Miglioramento di microangiopathy diabetico con Pycnogenol: Uno studio futuro e controllato.

Lo scopo di questo studio era di studiare l'efficacia clinica di Pycnogenol orale (ricerca srl di Horphag, del Regno Unito) in pazienti con microangiopathy diabetico. I pazienti senza una storia delle ulcerazioni diabetiche sono stati curati con Pycnogenol. I pazienti hanno ricevuto Pycnogenol orale (50 capsule di mg, 3 volte giornalmente per complessivamente 150 mg quotidiani per 4 settimane). Un gruppo di 30 pazienti era incluso (microangiopathy severo); 30 pazienti comparabili sono stati osservati come comandi (nessun trattamento durante il periodo di osservazione). Tutti i pazienti (età, 59 anni; gamma, 55-68 anni; maschio: la femmina = il 18:12) incluso nel gruppo del trattamento hanno terminato lo studio di quattro settimane. Inoltre, tutti i comandi hanno completato il periodo di seguito. Non c'erano interruzioni procedura. Tutti gli oggetti inclusi hanno avuti i segni e sintomi di microangiopathy diabetico. La durata diabete-dai primi segni/sintomi--erano in media 7,5 anni (deviazione standard = 3). Dopo 4 settimane, le valutazioni microcircolatorie e cliniche hanno mostrato una diminuzione progressiva nel cambiamento continuo della pelle a riposo nel piede (che indica un miglioramento nel livello di microangiopathy), una diminuzione significativa nella filtrazione capillare e un miglioramento significativo nella risposta venoarteriolar in tutti gli oggetti trattati. Non c'erano effetti visibili nei comandi eccetto una leggera riduzione del cambiamento continuo della pelle a riposo nel piede. Il trattamento è stato tollerato bene in entrambi i gruppi. In conclusione, questo studio conferma l'efficacia clinica di Pycnogenol in pazienti con microangiopathy diabetico. Lo studio indica il ruolo clinico di Pycnogenol nella gestione, nel trattamento e nel controllo di questo problema clinico comune. Il trattamento può essere anche utile da impedire le ulcerazioni diabetiche controllando il livello di microangiopathy.

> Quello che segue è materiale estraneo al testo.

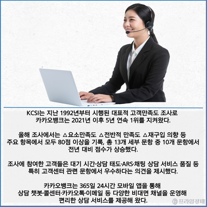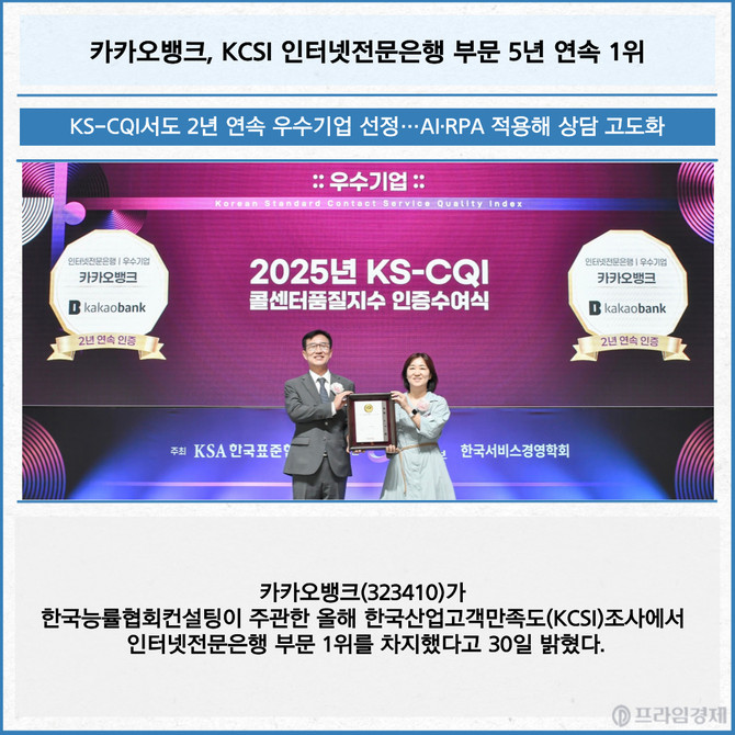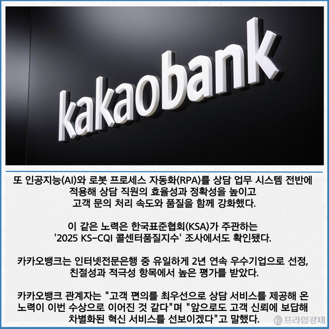 [프라임경제] 카카오뱅크(323410)가 한국능률협회컨설팅이 주관한 올해 한국산업고객만족도(KCSI)조사에서 인터넷전문은행 부문 1위를 차지했다고 30일 밝혔다.

Angiologia. 2006 agosto-settembre; 57(4): 431-6

Pycnogenol protegge le cellule endoteliali vascolari dalla lesione indotta da beta.

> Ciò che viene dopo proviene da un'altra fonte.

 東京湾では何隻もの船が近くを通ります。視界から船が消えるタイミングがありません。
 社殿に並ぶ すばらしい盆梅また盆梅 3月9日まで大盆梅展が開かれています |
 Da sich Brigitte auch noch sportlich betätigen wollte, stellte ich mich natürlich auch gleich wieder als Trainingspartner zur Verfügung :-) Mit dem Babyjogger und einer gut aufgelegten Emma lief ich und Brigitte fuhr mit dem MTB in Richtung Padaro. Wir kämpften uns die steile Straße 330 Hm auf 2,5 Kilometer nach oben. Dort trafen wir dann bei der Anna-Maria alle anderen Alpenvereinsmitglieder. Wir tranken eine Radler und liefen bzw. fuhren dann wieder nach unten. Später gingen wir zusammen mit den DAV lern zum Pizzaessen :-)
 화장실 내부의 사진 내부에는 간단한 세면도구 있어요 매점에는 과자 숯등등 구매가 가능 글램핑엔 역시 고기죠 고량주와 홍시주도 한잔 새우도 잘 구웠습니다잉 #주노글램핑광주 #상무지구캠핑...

Gli marchi di garanzia neuropathological del morbo di Alzheimer (ANNUNCIO) sono placche senili, beta-amiloidosi cerebrovascolare, grovigli neurofibrillary e perdita di un neurone selettiva. l'Beta-amiloide (Abeta) è stato indicato per causare il danno vascolare mediato tramite la generazione di specie reattive dell'ossigeno e questo danno è considerato un evento iniziale nello sviluppo dell'ANNUNCIO. In questo studio, abbiamo determinato l'effetto del pyenogenol, un fitochimico antiossidante potente, dalla sulla lesione cellulare indotta Abeta. Le cellule endoteliali dell'arteria polmonare (CEPA) sono state esposte a Abeta per 24 H. La lesione delle cellule è stata valutata da attuabilità della cella di misura con l'analisi di tetrazolium di methylthiazol (MTT) e determinando il rilascio del lattato deidrogenasi intracellulare (LDH). I prodotti di perossidazione lipidica della CEPA sono stati determinati misurando le sostanze acido-reattive tiobarbituriche (TBARS). L'esposizione della CEPA a Abeta ha provocato una diminuzione nell'attuabilità delle cellule, un aumento del rilascio di LDH che indicano il danno della membrana e un livello elevato di TBARS. La preincubazione della CEPA con il pycnogenol ha minimizzato significativamente questi cambiamenti. Questo studio ha dimostrato che il pycnogenol può proteggere le cellule endoteliali vascolari dalla lesione indotta Abeta. I dati suggeriscono che il pycnogenol possa essere utile per la prevenzione e/o il trattamento delle malattie vascolari o neurodegenerative connesse con la tossicità di Abeta.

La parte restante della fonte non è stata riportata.